Hays: Political retribution taints community’s core values

Second-Generation Downtown Merchant

This week, my downtown toy store, Hopscotch, has experienced a rash of one-star reviews, negative comments and unsubscribes from its newsletter.

If it were because we were suddenly failing to provide the goods and services — and sparkle party magic! — that our community wants in a toy store, I would be devastated. The reason for this negativity is actually far more troubling — troubling because I feel it poses a major threat to our democratic process.

Hopscotch is being punished because I jumped in to participate in that very process. It is being targeted because I was a signature gatherer for the effort to recall Yamhill County Commissioner Lindsey Berschauer.

The ironic thing to me is that what motivated me to become politically active in this way is the very thing that’s led to the targeting of my business and those of my partner, Gerry Hunter — 3rd Street Pizza Co. and The Diner, to save you the Googling.

It’s the degraded and divisive nature of the dialogue. It’s the wanton obstruction of the democratic process. It’s the destruction of our ability to disagree without hating one another over it.

It was watching a video of Berschauer verbally assaulting fellow commissioners and members of the county staff — invested, life-long residents who work daily in service to the citizens of this county — that turned me.

I am not concerned that her political views differ from mine. I grew up here, and one of the things I value most is our tendency to break 50/50 in our political leanings.

Historically, that’s kept us well-balanced and civilized. We’ve always known that even though we may differ with our neighbor politically, we still have to and want to work on the PTA board, serve our nonprofits, hire each other's children and hang out on the soccer field together.

It’s not her politics, or even the money her actions have cost us as taxpayers that worries me. It’s her character. What appalls me is the vicious, mean-spirited side of our politics, which she represents.

It’s one thing to watch it play out on a national stage. To watch it play out here in our sweet little “work together for the good of all” county is too much.

The other thing that concerns me about Berschauer is all the out-of-county money that went into her campaign, continues to drive her narrative and supports her in the recall. It would bother me about any politician depending on big-money outsiders.

I’m pretty conservative on that sort of thing.

I don’t like outside money buying our buildings, running our businesses or getting involved in our politics. I don’t like Portland garbage being dumped on our land. I’m not a big fan of the bypass, either.

I know that none of these views lines up with “good for business,” but I’m not about what’s good for business. I’m about what’s good for our community. I would light my business on fire if I thought it would best serve this community.

But enough about what I’m against. Really, there isn’t very much. I am for so much more than I am against.

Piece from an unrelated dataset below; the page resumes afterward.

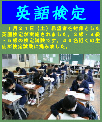 1月21日(土)希望者を対象とした英語検定が実施されました。3級・4級・5級の検定試験です。40名近くの生徒が検定試験に挑みました。

I am for children getting the opportunity to build a strong connection with their community, and that happens in places like Hopscotch. It’s a place where they can take their allowance money, climb up on a stool to reach the cash register, and buy something they have been saving for from someone who makes them feel special — as they are today and will continue to be in the future.

What pains me most about the boycott of my business is the thought there will be kids who don’t get that experience because their parents want to make me pay for views differing from theirs.

I’m for locally owned businesses that contribute time and money to our schools, nonprofits, fire departments, libraries and police departments. I’m for the owners of those businesses being invested enough in their community to get involved in the local political process and put their hand on the rope that pulls for us all. I’m for a world where those invested citizens and business owners can actively work for the things they believe in, without worrying their business will be boycotted because of their political views, gender identity, sexual orientation, race or religion.

When my kids were little, my young family would “boycott” companies like Walmart, Pampers and Nestle for what we perceived as rape-and-pillage practices. When we did that, we would pretend everyone everywhere was doing the same thing, and that the companies didn’t exist any more because of that.

This morning, I was doing the same thing with local businesses being boycotted on both the right and the left in the last couple of years. Gone were Geraldi's, Red Fox, La Rambla, Harvest Fresh, The Oak, Union Block, Douglas on Third, NW Food and Gifts, 3rd Street Pizza, Remy Wines, Sandwich Express, Bierly Brewing, The Diner and, yes, Hopscotch. And that’s not good for anyone.

One thing I can tell you is that the businesses aren’t boycotting each other. The folks that run these businesses — on both sides of the political aisle — have been in the trenches with me on far too many projects. They love this community as much as I do, even when we have different ideas of what that looks like.

I know I can’t single-handedly change the conversation. My magic wand is limited to what happens within the four walls of Hopscotch.

I just want you to know that I love you guys. I love all members of my community, be they red ones or blue.

I love the swirl you can make when you’re dancing together. Creating together. Visioning together. Working together.

I worry when that swirl gives way to rigid blocks of color. When those blocks are driven apart and there is no compromise and embrace. When people are just flat-out unkind.

It’s not the way we do things around here.

Linda Hays first posted this essay on Facebook, and said of the response: “I have been grateful and heartened by reach-out and support from people all over the political spectrum. The majority of us seem to want a more civil, less punitive civic environment, and I believe it is attainable.”